Assigned task: The records below need to be repeated exactly, though not their pictures.

Listed entries:
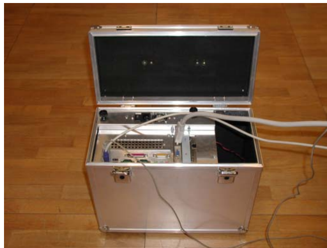
Bild 2. Mobiler PC mit Dualhead-Graphikkarte.

Für die Realisierung zweier Videokanäle bieten sich prinzipiell zwei Möglichkeiten an, welche beide aufgebaut und erprobt wurden. Die erste Lösung sieht eine Hardware vor, bei der zwei Graphikkarten oder eine Dualhead-Graphikkarte in einem einzigen Rechner integriert sind. Da dies noch nicht in einem einzigen Laptop realisiert werden kann, wurde aus handelsüblichen PC-Bauteilen eine tragbare Version aufgebaut.
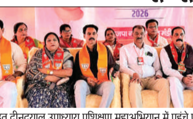
पंडित दीनदयाल उपाध्याय प्रशिक्षण महाअभियान में पहुंचे पदाधिकारी।

संगठन अजेय बनता है और जब संगठन अजेय होता है, तब राष्ट्र प्रगति के शिखर पर पहुंचता है। उन्होंने पंडित दीनदयाल उपाध्याय के एकात्म मानववाद और अंत्योदय के सिद्धांतों को संगठन की आत्मा बताते हुए कहा कि भाजपा की राजनीति केवल सत्ता प्राप्ति का माध्यम नहीं, बल्कि सेवा, समर्पण और राष्ट्र निर्माण का संकल्प है।
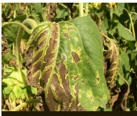
Verticillium sur tournesol :

Petites taches jaunes vives sur feuilles basses puis chlorose inter-nervaire plus ou moins large. Les tissus finissent par brunir et mourir. Les nervures restent vertes.
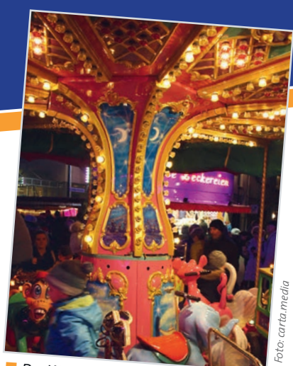
Der Weihnachtsmarkt am Landgrafplatz lockt mit mehr als 30 Anbietern

Die Weihnachtszeit kann man in diesem Jahr in Friedrichsdorf wieder so richtig genießen. Machen Sie sich auf: Es gibt in der Adventszeit für Kinder und Erwachsene viel zu entdecken. Unentgeltlich parken kann man in Friedrichsdorf auch!
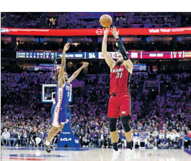
يصنع ميامي هيت هبوطه إلى النهائي الكبير والمنافسة على اللقب

وعلى ملعب «أميركان إيرلاندز سنتر» في دالاس، فرض مافريكس التعادل على صنز الذي لم يجد طريق الفوز في مباراة
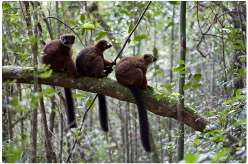
Punavatsalemurit päästävät ihmiset todella lähelle. Kaikki lemurilajit ovat uhanalaisia, koska madagaskarilaiset ovat syöneet niitä huonon ravintotilanteen vuoksi.

Yksi asia mikä matkaoppaista ei selviä, on paikallisten ystävällisyys ja luotettavuus. Köyhissä maissa liikkuminen saattaa tuntua turvattomalta, mutta ei Madagaskarilla. Paikalliset ovat tyytyväisiä siihen vähään mitä heillä on. Hymyyn vastataan poikkeuksetta hymyllä ja "salama"-tervehdykseen vähintään naurulla. Kaupanteko on helppoa ja tinkiminen kannattaa, eikä matkailijoilta yritetä hujata isoja rahasummia. Madagaskarilainen mora mora eli "hitaasti, hitaasti" -elämänasenne tarttuu ja on ihailtavaa.
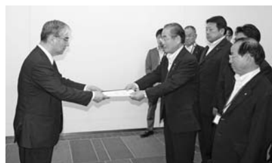
東京電力(株)新妻常務執行役へ
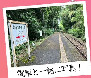
電車と一緒に写真！

都城市と高原町にまたがる湖。日本国内の火口 湖の中では最も深く103mあります。 開けた湖の奥には高千穂峰を望むことができ、 夏になると船遊びやキャンプなどで賑わいます。
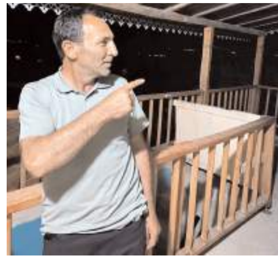
Göktaşını gören vatandaşlar heyecanlandılar.

Düşme sonucu kanat ve gövde bölgelerinden yaralanan leylek, öldü.(AA)
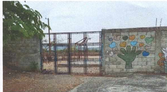
Foto 4: Ventana en mal estado se sustituirá para mayor seguridad de la bodega
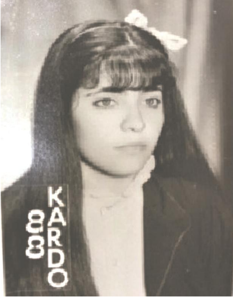
دیدار محہ مہد (ہاوری شینی) نہ دایکبوی ۱۹۶۶ - ماموستای ہونہر، خاوندی (۲) منان
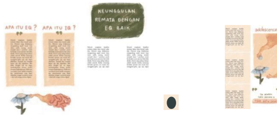
Gambar 9 Folded Brochure
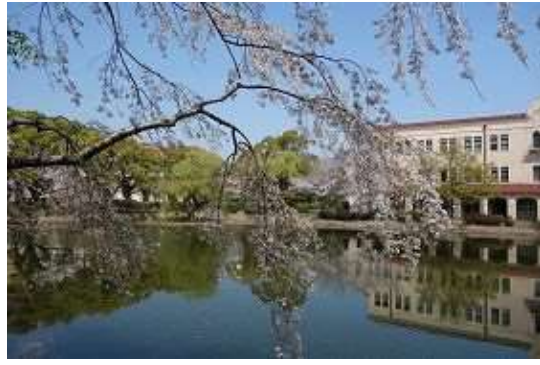
飛鳥から藤原京 67期 田辺勇次
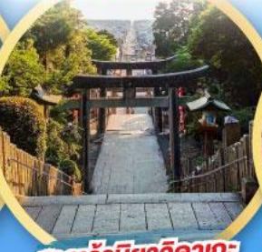
ศาลเจ้ามียาจิดากะ
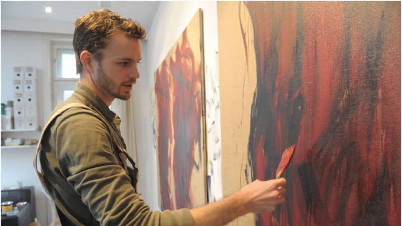
Bild von einem Maler. Als Politikersonn mit Klischees konfrontiert, entspricht das Ex-Model keinem. Der 31-Jährige über späten Mut, älteres Wissen und jüngeren Babyspeck.

Koffein braucht Khol, der keinen Kaffee verträgt, wenn er die Nacht der Kunst wegen zum Tag macht.
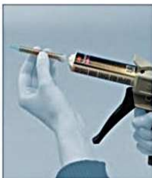
Zdejmij zakrętkę z końcówki kartusza, sprawdź drożność otworów wylotowych i zamocuj dyszę mieszającą.
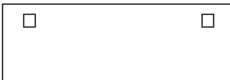
Top View of #1060 Shelf / Vista superior del estante No. 1060 / Vue du haut de la tablette n° 1060

Converts #1031 3-Gallon Cabinet, to accommodate a #175 5-Quart Sharps Container
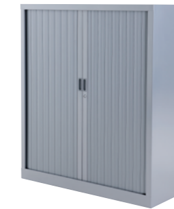
Project 371 100x170x43 cm
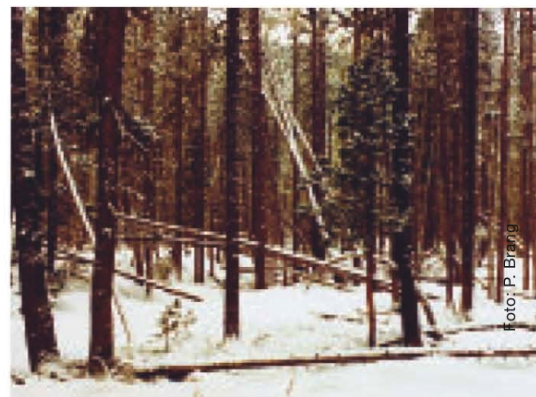
Abbildung 3: Stabelchod im Nationalpark: Nassschnee hat einzelne Bergföhren umgedrückt.

Zahlreiche weitere Beispiele von Störungen liessen sich anfügen (vgl. Beitrag von Britta Allgöwer auf Seite 8/9 in diesem Heft). Störungen prägen die Wälder stark, auch den Wald im Nationalpark. Hier sind vielfältige Regenerationsphasen nach Ereignissen wie Feuer, Windwurf, Lawinen und Murgang zu beobachten. €
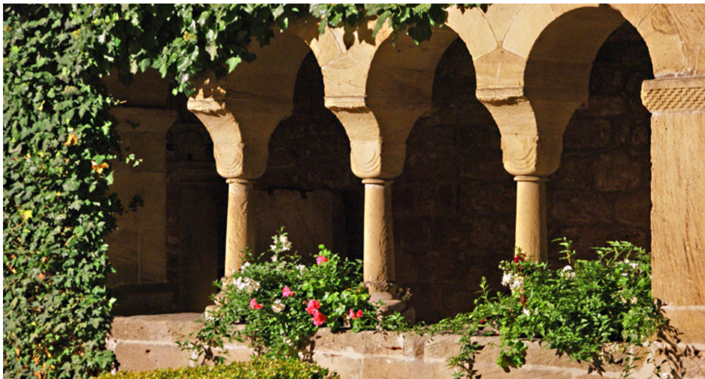
Der Feuchtwanger Kreuzgang

Info-Telefon für Veranstaltungen: Tourist-Information 09852/904-55 Änderungen vorbehalten!
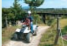
さなげアドベンチャーフィールド
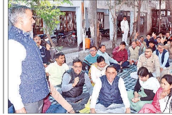
रोहतक। गिरदावरी कार्य में कथित अनियमितताओं के आरोप में 6 पटवारियों को निलंबित किए जाने के विरोध में शुक्रवार को राज्य कार्यकारिणी के दिशा-निर्देशानुसार जिला पटवार भवन में सभी पटवारियों व कानूनों के संकेतिक धरना दिया। एसोसिएशन के पदाधिकारियों ने बताया कि पिछले दिनों 6 पटवारियों को गलत तरीके से सरपेंड कर दिया था।

रोहतक। गिरदावरी कार्य में कथित अनियमितताओं के आरोप में 6 पटवारियों को निलंबित किए जाने के विरोध में शुक्रवार को राज्य कार्यकारिणी के दिशा-निर्देशानुसार जिला पटवार भवन में सभी पटवारियों व कानूनों के संकेतिक धरना दिया। एसोसिएशन के पदाधिकारियों ने बताया कि पिछले दिनों 6 पटवारियों को गलत तरीके से सरपेंड कर दिया था। इस संबंध में राज्य कार्यकारिणी ने सरकार से मिलकर अपना पक्ष रखने और निलंबन वापस लेने की मांग की थी, लेकिन सरकार की ओर से न तो बातचीत का समय दिया गया और न ही साधियों को बहाल किया गया। उन्होंने कहा कि 1 फरवरी तक निलंबित पटवारियों को बहाल नहीं होती है और एसोसिएशन को बातचीत का समय नहीं मिलता, तो आंदोलन तेज किया जाएगा। राज्य कार्यकारिणी के आदेशानुसार 2 फरवरी से अगले तीन दिन तक पूरे हरियाणा में संकेतिक धरना दिया जाएगा।
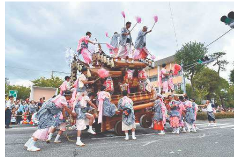
だんじりねり回し
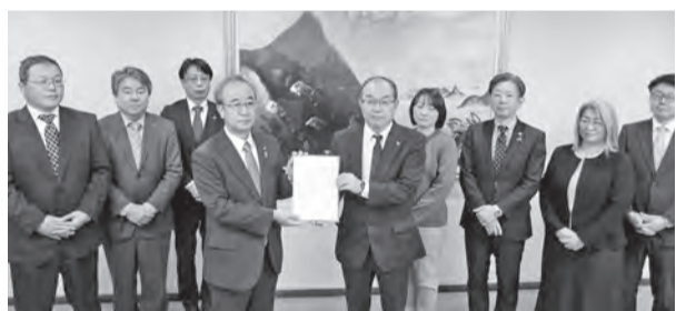
花角知事に要請書を手交

新潟県知事への要請では、花角知事から「県としても、人への投資、適切な価格転嫁の促進に対する課題認識は同じであり、適切な価格
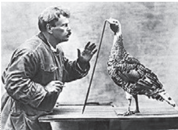
Владимир Дуров ставил психологические опыты на животных, в частности по телепатии, психологии, парапсихологии, гипнозу
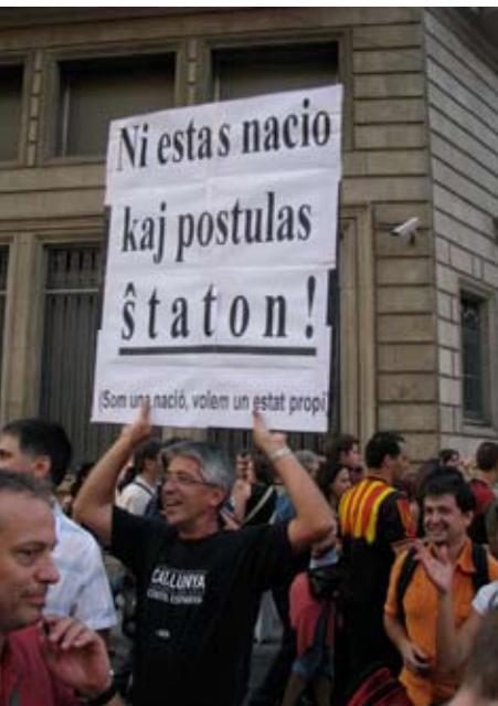
Esperantistoj ne nur varbis en budo dum la nacia tago, sed kelkaj ankaŭ aliĝis al surstrata manifestacio

kurso en somera universitato ekde la venonta jaro.
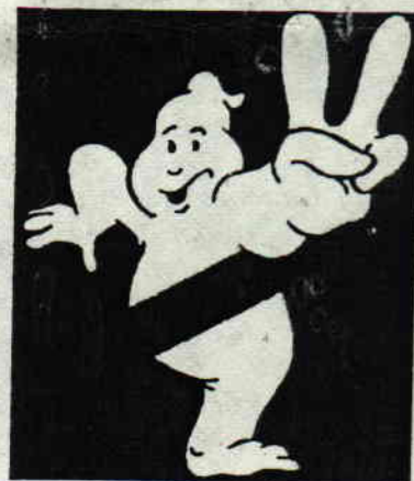
by John Difool and Pierrot le fou.
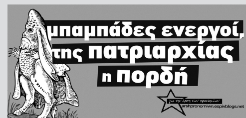
Αυτοκόλλητο της Άρης Προνομιών, Απρίλιος 2021

Μία από τις δεκάδες χρηματοδοτούμενες διαφημίσεις των “Ενεργών Μπαμπάδων” στο κέντρο και σε συνοικίες της Αθήνας. Ωστόσο, η εκστρατεία από πλευράς ανδρικών ομάδων είχε και την κινηματική της πλευρά, όπως το εικονιζόμενο πανό σε αερογέφυρα, που εμφανίστηκε και σε μορφή συνθήματος από την Καισαριανή μέχρι το Χαλάνδρι και τα Πετράλωνα - μια χρήσιμη ένδειξη για το πώς δουλεύουν “τα κινήματα” με κρατική υποστήριξη στον 21ο αιώνα.
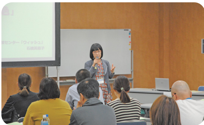
福祉人材育成の研修会

Solution:
Bild 2. Mobiler PC mit Dualhead-Graphikkarte.

Für die Realisierung zweier Videokanäle bieten sich prinzipiell zwei Möglichkeiten an, welche beide aufgebaut und erprobt wurden. Die erste Lösung sieht eine Hardware vor, bei der zwei Graphikkarten oder eine Dualhead-Graphikkarte in einem einzigen Rechner integriert sind. Da dies noch nicht in einem einzigen Laptop realisiert werden kann, wurde aus handelsüblichen PC-Bauteilen eine tragbare Version aufgebaut.
पंडित दीनदयाल उपाध्याय प्रशिक्षण महाअभियान में पहुंचे पदाधिकारी।

संगठन अजेय बनता है और जब संगठन अजेय होता है, तब राष्ट्र प्रगति के शिखर पर पहुंचता है। उन्होंने पंडित दीनदयाल उपाध्याय के एकात्म मानववाद और अंत्योदय के सिद्धांतों को संगठन की आत्मा बताते हुए कहा कि भाजपा की राजनीति केवल सत्ता प्राप्ति का माध्यम नहीं, बल्कि सेवा, समर्पण और राष्ट्र निर्माण का संकल्प है।
Verticillium sur tournesol :

Petites taches jaunes vives sur feuilles basses puis chlorose inter-nervaire plus ou moins large. Les tissus finissent par brunir et mourir. Les nervures restent vertes.
Der Weihnachtsmarkt am Landgrafplatz lockt mit mehr als 30 Anbietern

Die Weihnachtszeit kann man in diesem Jahr in Friedrichsdorf wieder so richtig genießen. Machen Sie sich auf: Es gibt in der Adventszeit für Kinder und Erwachsene viel zu entdecken. Unentgeltlich parken kann man in Friedrichsdorf auch!
يصنع ميامي هيت هبوطه إلى النهائي الكبير والمنافسة على اللقب

وعلى ملعب «أميركان إيرلاندز سنتر» في دالاس، فرض مافريكس التعادل على صنز الذي لم يجد طريق الفوز في مباراة
Punavatsalemurit päästävät ihmiset todella lähelle. Kaikki lemurilajit ovat uhanalaisia, koska madagaskarilaiset ovat syöneet niitä huonon ravintotilanteen vuoksi.

Yksi asia mikä matkaoppaista ei selviä, on paikallisten ystävällisyys ja luotettavuus. Köyhissä maissa liikkuminen saattaa tuntua turvattomalta, mutta ei Madagaskarilla. Paikalliset ovat tyytyväisiä siihen vähään mitä heillä on. Hymyyn vastataan poikkeuksetta hymyllä ja "salama"-tervehdykseen vähintään naurulla. Kaupanteko on helppoa ja tinkiminen kannattaa, eikä matkailijoilta yritetä hujata isoja rahasummia. Madagaskarilainen mora mora eli "hitaasti, hitaasti" -elämänasenne tarttuu ja on ihailtavaa.
東京電力(株)新妻常務執行役へ
電車と一緒に写真！

都城市と高原町にまたがる湖。日本国内の火口 湖の中では最も深く103mあります。 開けた湖の奥には高千穂峰を望むことができ、 夏になると船遊びやキャンプなどで賑わいます。
Göktaşını gören vatandaşlar heyecanlandılar.

Düşme sonucu kanat ve gövde bölgelerinden yaralanan leylek, öldü.(AA)
Foto 4: Ventana en mal estado se sustituirá para mayor seguridad de la bodega
دیدار محہ مہد (ہاوری شینی) نہ دایکبوی ۱۹۶۶ - ماموستای ہونہر، خاوندی (۲) منان
Gambar 9 Folded Brochure
飛鳥から藤原京 67期 田辺勇次
ศาลเจ้ามียาจิดากะ
Bild von einem Maler. Als Politikersonn mit Klischees konfrontiert, entspricht das Ex-Model keinem. Der 31-Jährige über späten Mut, älteres Wissen und jüngeren Babyspeck.

Koffein braucht Khol, der keinen Kaffee verträgt, wenn er die Nacht der Kunst wegen zum Tag macht.
Zdejmij zakrętkę z końcówki kartusza, sprawdź drożność otworów wylotowych i zamocuj dyszę mieszającą.
Top View of #1060 Shelf / Vista superior del estante No. 1060 / Vue du haut de la tablette n° 1060

Converts #1031 3-Gallon Cabinet, to accommodate a #175 5-Quart Sharps Container
Project 371 100x170x43 cm
Abbildung 3: Stabelchod im Nationalpark: Nassschnee hat einzelne Bergföhren umgedrückt.

Zahlreiche weitere Beispiele von Störungen liessen sich anfügen (vgl. Beitrag von Britta Allgöwer auf Seite 8/9 in diesem Heft). Störungen prägen die Wälder stark, auch den Wald im Nationalpark. Hier sind vielfältige Regenerationsphasen nach Ereignissen wie Feuer, Windwurf, Lawinen und Murgang zu beobachten. €
Der Feuchtwanger Kreuzgang

Info-Telefon für Veranstaltungen: Tourist-Information 09852/904-55 Änderungen vorbehalten!
さなげアドベンチャーフィールド
रोहतक। गिरदावरी कार्य में कथित अनियमितताओं के आरोप में 6 पटवारियों को निलंबित किए जाने के विरोध में शुक्रवार को राज्य कार्यकारिणी के दिशा-निर्देशानुसार जिला पटवार भवन में सभी पटवारियों व कानूनों के संकेतिक धरना दिया। एसोसिएशन के पदाधिकारियों ने बताया कि पिछले दिनों 6 पटवारियों को गलत तरीके से सरपेंड कर दिया था।

रोहतक। गिरदावरी कार्य में कथित अनियमितताओं के आरोप में 6 पटवारियों को निलंबित किए जाने के विरोध में शुक्रवार को राज्य कार्यकारिणी के दिशा-निर्देशानुसार जिला पटवार भवन में सभी पटवारियों व कानूनों के संकेतिक धरना दिया। एसोसिएशन के पदाधिकारियों ने बताया कि पिछले दिनों 6 पटवारियों को गलत तरीके से सरपेंड कर दिया था। इस संबंध में राज्य कार्यकारिणी ने सरकार से मिलकर अपना पक्ष रखने और निलंबन वापस लेने की मांग की थी, लेकिन सरकार की ओर से न तो बातचीत का समय दिया गया और न ही साधियों को बहाल किया गया। उन्होंने कहा कि 1 फरवरी तक निलंबित पटवारियों को बहाल नहीं होती है और एसोसिएशन को बातचीत का समय नहीं मिलता, तो आंदोलन तेज किया जाएगा। राज्य कार्यकारिणी के आदेशानुसार 2 फरवरी से अगले तीन दिन तक पूरे हरियाणा में संकेतिक धरना दिया जाएगा।
だんじりねり回し
花角知事に要請書を手交

新潟県知事への要請では、花角知事から「県としても、人への投資、適切な価格転嫁の促進に対する課題認識は同じであり、適切な価格
Владимир Дуров ставил психологические опыты на животных, в частности по телепатии, психологии, парапсихологии, гипнозу
Esperantistoj ne nur varbis en budo dum la nacia tago, sed kelkaj ankaŭ aliĝis al surstrata manifestacio

kurso en somera universitato ekde la venonta jaro.
by John Difool and Pierrot le fou.
Αυτοκόλλητο της Άρης Προνομιών, Απρίλιος 2021

Μία από τις δεκάδες χρηματοδοτούμενες διαφημίσεις των “Ενεργών Μπαμπάδων” στο κέντρο και σε συνοικίες της Αθήνας. Ωστόσο, η εκστρατεία από πλευράς ανδρικών ομάδων είχε και την κινηματική της πλευρά, όπως το εικονιζόμενο πανό σε αερογέφυρα, που εμφανίστηκε και σε μορφή συνθήματος από την Καισαριανή μέχρι το Χαλάνδρι και τα Πετράλωνα - μια χρήσιμη ένδειξη για το πώς δουλεύουν “τα κινήματα” με κρατική υποστήριξη στον 21ο αιώνα.
福祉人材育成の研修会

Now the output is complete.